Although the advancement of women’s rights in Egypt has faced barriers in the past, change is on the horizon. The World Economic Forum’s 2021 Global Gender Gap Report notes progress in terms of gender equality. In particular, Egypt has made advancements for women in politics. A closer look at the country’s policies and culture around women’s political participation in Egypt will show how Egypt has garnered such success and point to the areas still in need of improvement.
Electoral Quota System in Egypt
Women in Egypt gained suffrage and the right to run for election with the 1956 Constitution. Before the 1979 elections, Egypt implemented a quota of 30 seats (9% of total seats in the People’s Assembly) reserved for women. In 1984, 36 women held seats. Eventually, arguments arose against the quota and Egypt repealed it in 1987, leading to the decline of female representation down to just nine women out of the 454 members of the People’s Assembly (2%) from 2005 to 2010. Over the next few years, Egypt reinstated the quota system and repealed it again. In 2014, Egypt implemented a new quota system, which includes non-gender-related quotas.
In 2019, Egypt amended the constitution to reserve at least 25% of seats in parliament for women, leading to a dramatic rise in women’s political participation in Egypt. Women hold 162 seats in the new parliamentary term (2016-2021), making up 27% of parliament, marking the first time this percentage surpassed 15%. As a consequence, “Egypt now ranks 67th in the world for women’s representation.”
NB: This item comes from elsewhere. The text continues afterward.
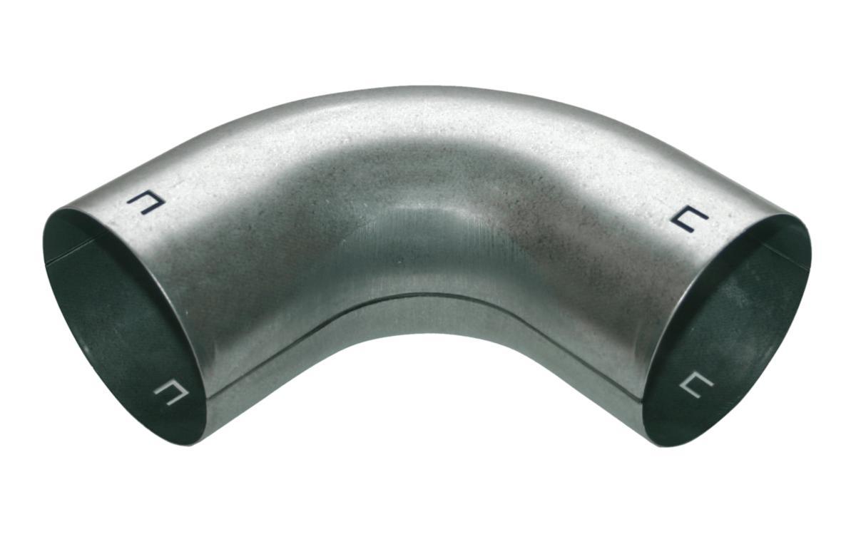 Vallox Blue Sky-kulmayhde 90°. Tarkoitettu ahtaisiin paikkoihin, joihin Blue Sky-putken taivutussäde ei riitä. Valmistettu sinkitystä teräslevystä.

According to the Global Gender Gap Report of 2021, Egypt is one of three MENA (the Middle East and North Africa) countries that closed its Political Empowerment Gap between 20% and 22.7%, with all other countries at 15.1% or lower.
Egypt now automatically registers voters once they turn 18, which has increased women’s voting turnout. Although voter registration is about even now, there remain certain barriers that women voters face before turning in their ballots. Egypt requires “a valid digital passport, a valid ID card, or an invalid ID card that bears a valid identification number.”
Although this seems protocol for most countries, women in Egypt face cultural challenges when presented with such requirements. Women are more unlikely to possess a valid ID card, and if they do have one, their husbands often hold onto the cards, which may prevent a woman from voting without her husband’s permission. In order to ensure women’s political participation in Egypt, Egypt must address these barriers.
UN Empowers Egyptian Women
Clearly, women are making great advances in the political realm in Egypt. Now, the challenge is to ensure women’s representation goes beyond tokenism. The quota system Egypt implemented will increase numbers, but ensuring women’s voices receive support goes beyond the election.
U.N. Women Egypt works to address all areas that impact women’s lives in Egypt. Past initiatives have dealt with educational opportunities, economic empowerment, violence against women and political participation. One example of U.N. Women Egypt’s advocacy for women’s political participation in Egypt is its work with the National Council for Women (NCW) and partners to issue ID cards for women. The cards have stamps with the slogan “Your ID, Your Right.”
Again, alongside the NCW, U.N. Women Egypt helped encourage women in 27 governorates to “vote and/or run for candidacy at the municipal level,” reaching 35,000 women. As time passes, the number of women in political representation continues to increase.
Despite cultural difficulties, Egypt is making obvious efforts to include women in its policymaking. As the nation’s efforts continue and women also rise up in the government, Egypt will move toward gender equality in its politics.